» **Provided data**:
○ ○ ○

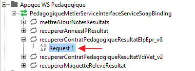 - Le projet est créé avec des requêtes d'exemple pour chaque méthode du service. Modifier la requête automatiquement créée pour recupererContratPedagogiqueResultatElpEpr en double-cliquant sur cette dernière
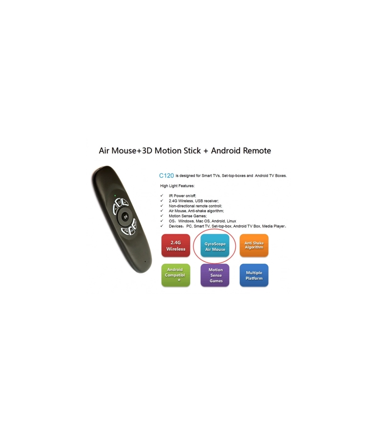 Китайская аэромышь Air Mouse C120L разработана специально для управления телевизорами через смарт ТВ приставки TV Box. Благодаря специальным технологиям Smart TV Air Mouse C120L позволит вам переключать страницы, подчеркивать, выделять, рисовать на экране, указывать на экране. Для исполнения этих функций аэромышь C120L оснащена трехосным гироскопом и 3-G sensor. Для большей наглядности модель аэромыши C120L оснащена светоуказателем.
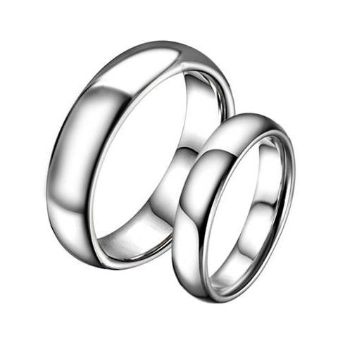 CET Domain SZ17-R175-6 Titanium Steel Silver Band Couple Rings- Women-Size 6
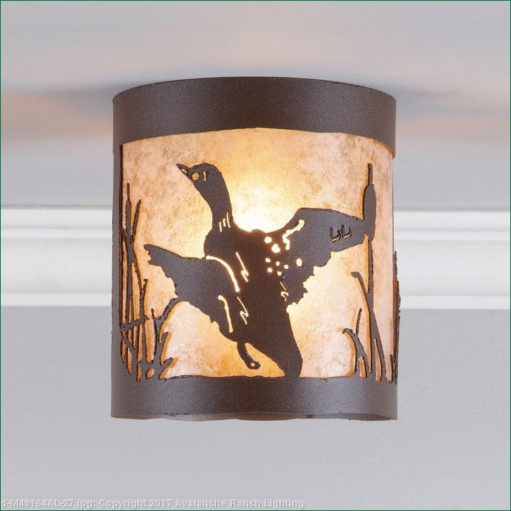The Kincaid Drum Ceiling Light Small - Loon features a 7 inch round cylinder with a shade diffuser choice of color between Almond or Amber mica. It has a loon and cattails metal art on the front and back and solid bands on either side of the cylinder. Attaches to ceiling with a round ceiling canopy. Suitable for interior and damp locations only. This rustic ceiling light is ideal for bringing rustic lighting to any log home, cabin or northwood lodge-themed room.

○ ○ ○

» **Problem to solve**: Beginning with the line that contains "Китайская аэромышь Air" and ending with the final line of the material, reproduce those lines exactly and nothing else. Omit the pictures.

» **Expected output**:
 Китайская аэромышь Air Mouse C120L разработана специально для управления телевизорами через смарт ТВ приставки TV Box. Благодаря специальным технологиям Smart TV Air Mouse C120L позволит вам переключать страницы, подчеркивать, выделять, рисовать на экране, указывать на экране. Для исполнения этих функций аэромышь C120L оснащена трехосным гироскопом и 3-G sensor. Для большей наглядности модель аэромыши C120L оснащена светоуказателем.
 CET Domain SZ17-R175-6 Titanium Steel Silver Band Couple Rings- Women-Size 6
The Kincaid Drum Ceiling Light Small - Loon features a 7 inch round cylinder with a shade diffuser choice of color between Almond or Amber mica. It has a loon and cattails metal art on the front and back and solid bands on either side of the cylinder. Attaches to ceiling with a round ceiling canopy. Suitable for interior and damp locations only. This rustic ceiling light is ideal for bringing rustic lighting to any log home, cabin or northwood lodge-themed room.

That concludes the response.